Group Affiliations: These include separate indicator variables for IGO (Intergovernmental Organizations), NGO (Non-Governmental Organizations), Observer, Party, and IO (related to “United Nations Secretariat Units and Bodies” and “Specialized Agencies and Related Organizations”). These binary variables classify participants into categories reflecting the organizational affiliations and roles of their delegations at each (pre-)COP.
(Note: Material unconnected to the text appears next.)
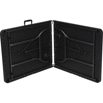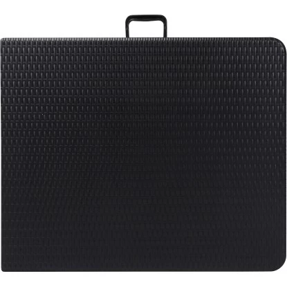 Der schwarze Perel Klapptisch in Polyrattan-Optik eignet sich ideal für den Innen- und Außenbereich. Die Tischplatte aus Polyethylen ist unempfindlich gegen Stöße, Kratzer, Flecken und Abrieb. Das Stahlgestell zeichnet sich durch eine hohe Widerstandsfähigkeit gegen Wettereinflüsse, sowie durch Formstabilität aus.
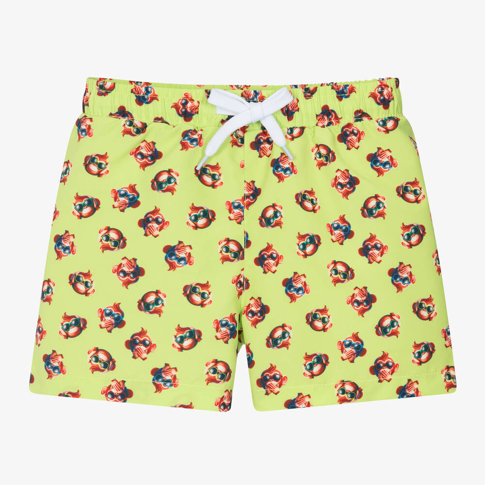 Bright lime green swim shorts for boys by iDO Baby, with a fun monkey pattern. Made in silky, lightweight fabric with a comfortable mesh lining, they have a drawstring waist for an adjustable fit.

Country Delegation Identifiers: To facilitate the merging of external country(-year) variables, two identifier variables were also included: Delegation_COW and Delegation_ISO. Each provides “country” identifiers for cases where an attendee’s delegation was either a UNFCCC COP Party or Observer. Delegation_COW specifically provides numeric Correlates of War (COW) country codes and Delegation_ISO specifically provides 3166-1 alpha-3 country codes. For attendees whose delegation type is not a Party or Observer, Delegation_COW and Delegation_ISO are coded as missing. Likewise, for the rare cases of attendees whose Party or Observer country delegation nation does not exist as a country in COW or in 3166-1 alpha-3, the corresponding country delegation identifier variable is coded as missing.
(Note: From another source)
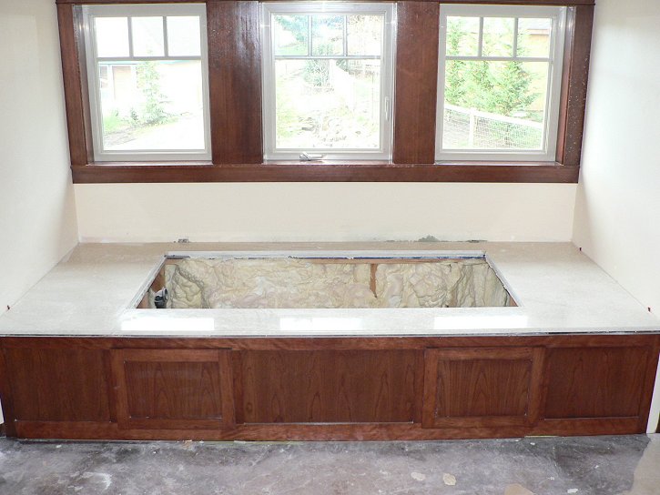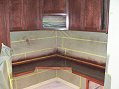 Wednesday, January 4, 2006 So begins the official online record keeping of our hillside adventure. Oh, wait a minute... That was from last January. ![]() ![]() Has it really been a year this month? Yeah, it kind of feels like it. Manuel varnished and sanded more woodwork on the main level giving it that glowing, polished quality of fine furniture. While Manuel filled the house with toxic fumes, I met with Matt in the basement to discuss a few details on the cabinets that![]() he and Stan are getting closer to completing. We planned the layout of the wood around the hearth to tie in with the rest of the cabinets, talked about how far to extend a frame around the TV, and detailed a small, open shelf unit that will attach below the uppers above the computer desk. He and Stan got cabinet doors placed including the ones in front of speakers which will have cloth stretched across each opening. ![]() When we came up in the evening I couldn't believe how much better the cabinets looked with doors. I hadn't been able to visualize the finished product very well up to that point. On Tuesday, Millennium Stone finished their work by installing left over marble slabs on the downstairs bar and bathroom counters.

The above steps created separate COP and pre-COP datasets containing variables denoting Group_Type, Delegation, Honorific, Person_Name, Job_Title, Division, Affiliation, Virtual, Year, Meeting, Location, Female, IGO, NGO, Observer, Party, and IO. All R and Python code and datasets associated with the extraction, classification, and standardization of these datasets found at GitHub (https://github.com/bagozzib/UNFCCC-Attendance-Data) while the final datasets described immediately above and below can also be found at Harvard’s Dataverse22.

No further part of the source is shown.